Monthly Archive for September, 2013

The Composite Design Pattern in PHP: Part II Composing with Images

Published on September 26, 2013 by Bill Sanders in Composite, Design Patterns Principles and OOP and Design Pattern Principles. 0 Comments Tags: , , , , , , .

cornerDon’t forget to Program to the Interface!

While the primary principle we draw from the Composite pattern is , Favor object composition over class inheritance, as discussed in Part I of the Composite series, another important principle applies here as well. The very first principle of design patterns is, Program to an interface, not an implementation. In a sense this is saying, program to an abstract parent and not a concrete child, but if you understand an interface to be the structure implied in either an interface (as used in the first and in this example) or an abstract class, you can see what the value of that principle is.
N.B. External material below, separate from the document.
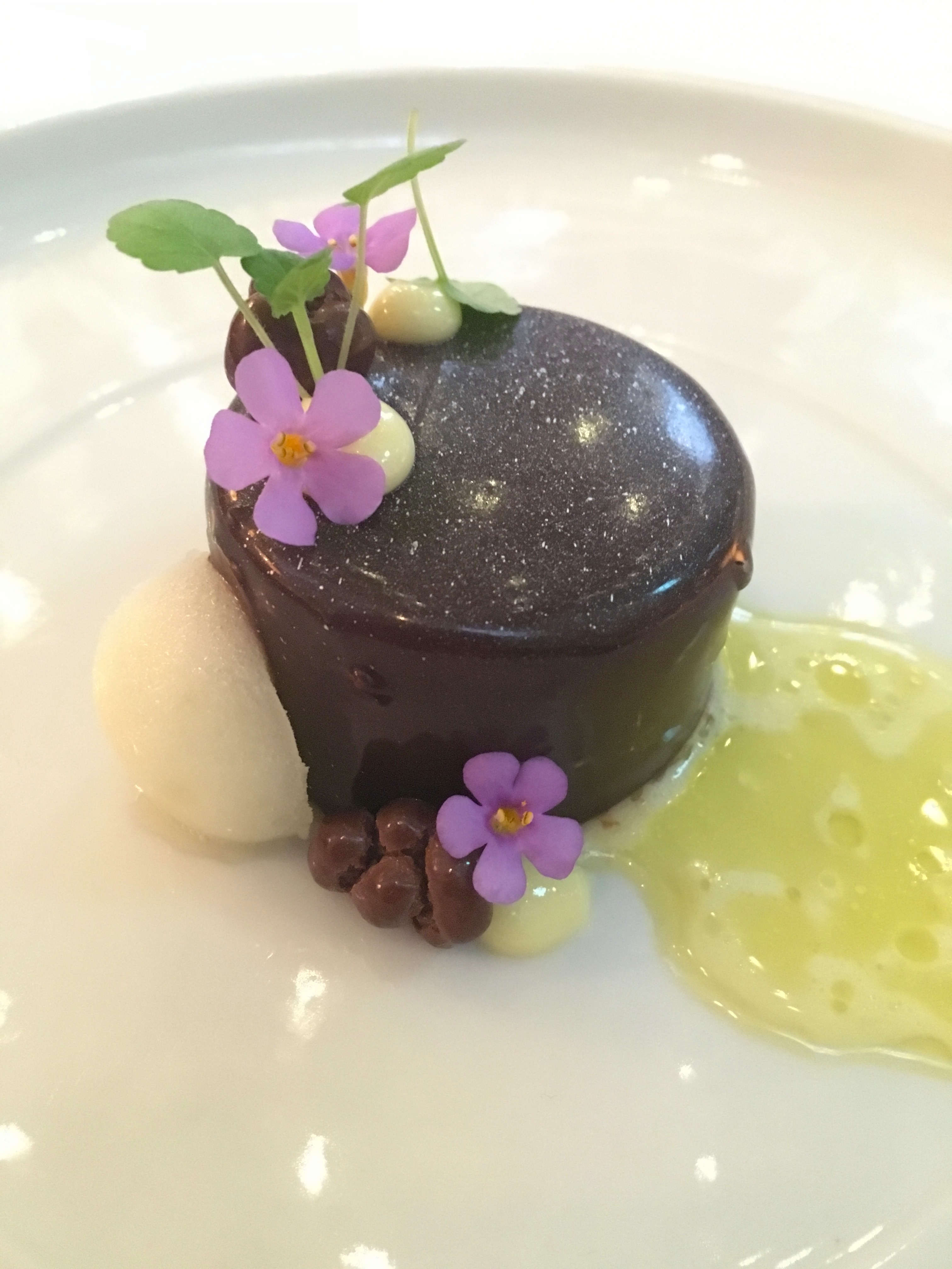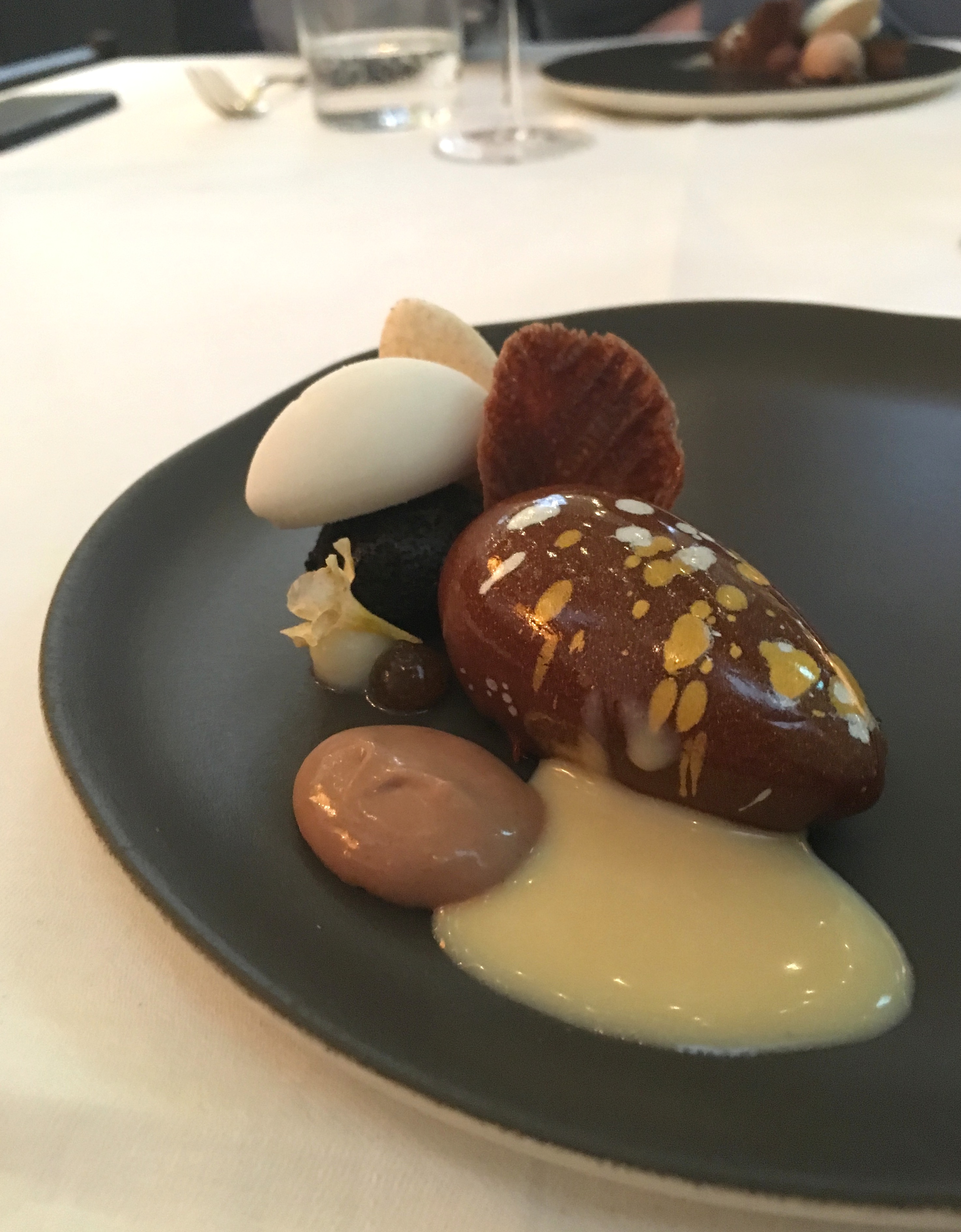 Tijd voor de desserts! Het eerste bord overtuigt een niet-zoetekauw als ik meteen: chocolade, aardpeer en bier als hoofdbestanddelen. Vooral het ijs van aardpeer blaast mij van mijn nylonkousen. Fenomenaal lekker, meer kan ik daar niet van zeggen.
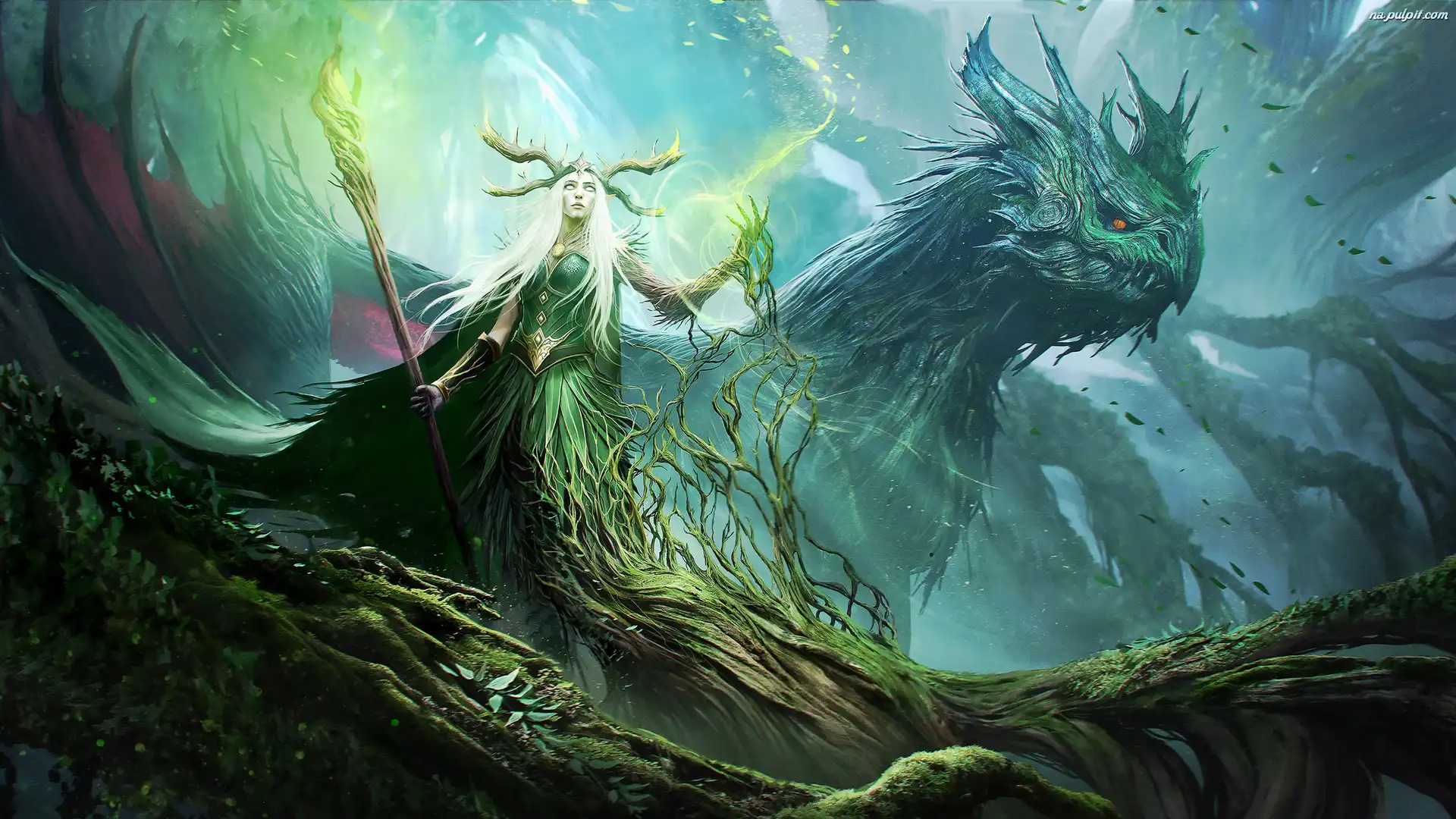 Drzewo, Konary, Century Age of Ashes, The Fate of Dragons, Smok, Season 2, Gra, Kobieta, Postać Na Pulpit |

In this part, instead of a single leaf and a hierarchy rending output, this example shows how a Composite design with multiple leaves can be used to create a mosaic—which is the essence of composite! The interface (IComponent) is little changed except the string parameter has been removed from the operation() method and replaced (for clarity) with a method named showPix() with no parameters. All of the other methods remain the same. Play the application and download the source code and files to get started:
PlayDownload

Follow the Structure; Not the Sequence

To get out of the tar pit of sequential programming, look at the structure and think in terms of using larger structural concepts. Take a look at the three key participants in the Composite pattern, beginning with the key structural participant, the IComponent interface, focusing on their structure as outlined in the interface.

?View Code PHP 

//IComponent.php
interface IComponent
{
    public function showPix();
    public function add(IComponent $comOn);
    public function remove(IComponent $comGone);
    public function getChild($someInt);
}
?>

As in Part I, the IComponent has four methods to be implemented, and though all four are implemented, only the first two are used for this second part. The focus is still on the idea of composition. The fact that we don’t need the second two right now does not detract from the fact that they (remove() and getChild() methods) unimportant for the pattern; just not for this example.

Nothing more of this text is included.